The claim that Meacher is not “serious or credible” has no foundation. He is not a back-bench maverick or a member of what the right-wing British press likes to refer to as the “loony left.” On the contrary, he was the Labour Party’s most experienced cabinet minister, having served in Parliament for 33 years, holding various cabinet posts going back to the Wilson and Callaghan administrations in the 1970s. He served in Blair’s cabinet as environment minister for six years until he was removed in June amid the mounting crisis of the Labour government over the Iraq war. He played a prominent role in the negotiation of the Kyoto accords on the environment and was long considered a contender for the position of Labour Party leader.
That someone with these political connections charges in print that elements within the US administration knew that a terrorist attack was coming on September 11 and allowed it to happen to further their war plans represents an extremely dangerous development for the Bush White House. He speaks not just for himself. The thesis he advances is indicative of what is assumed and is being said behind the scenes among much wider circles within the sole major government to have backed Washington in its invasion of Iraq.
It is doubtless that the article was motivated by the deepening crisis of the Blair government itself over the exposure of the lies it used to promote the Iraq war. With continuing revelations from within the government’s own intelligence agencies about the fabrication of evidence against Iraq, recent polls have shown a majority of Britons in favor of Blair’s resignation.
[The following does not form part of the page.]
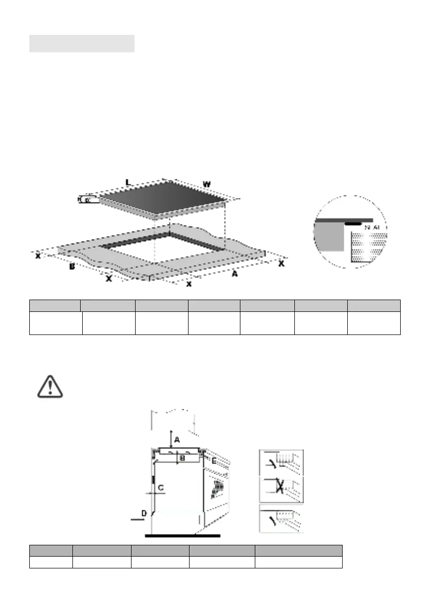 N ot a: Tra il piano di cottura e l'eventuale elem ento superiore deve
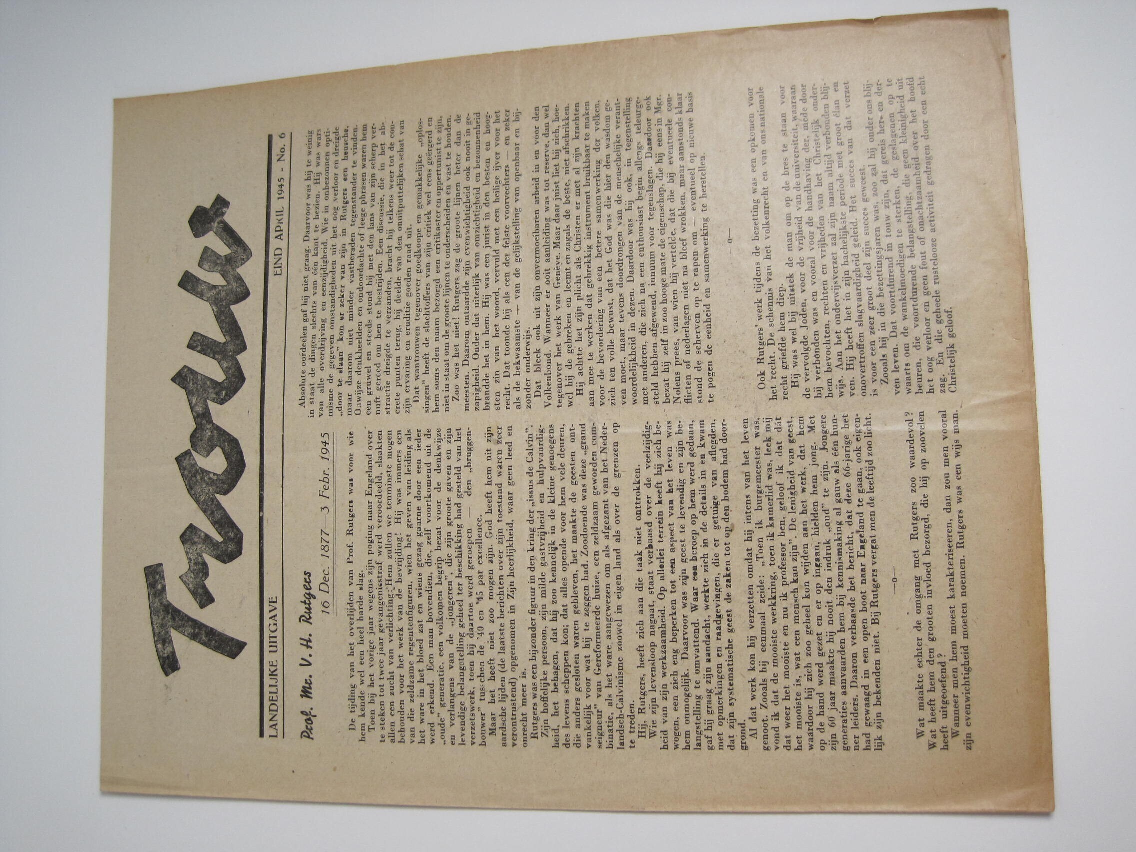 Illegaal blad Trouw. Landelijke uitgave eind april 1945, no. 6<br>o.a. De Strijd voor de Bevrijding van Indonesië .<br>

The questions Meacher raises have never been answered by anyone in the US government. On the eve of the second anniversary of the September 11 terrorist attacks, the American public knows almost nothing more about what happened that day—and how it was allowed to happen—than it knew two years ago. The Bush White House has made every effort to derail or stonewall any independent investigation into these tragic events. To this day, no one has explained how suspected terrorists, under the surveillance of the FBI and the CIA, were allowed to enter the US, commandeer commercial aircraft and fly them unhindered until striking their targets.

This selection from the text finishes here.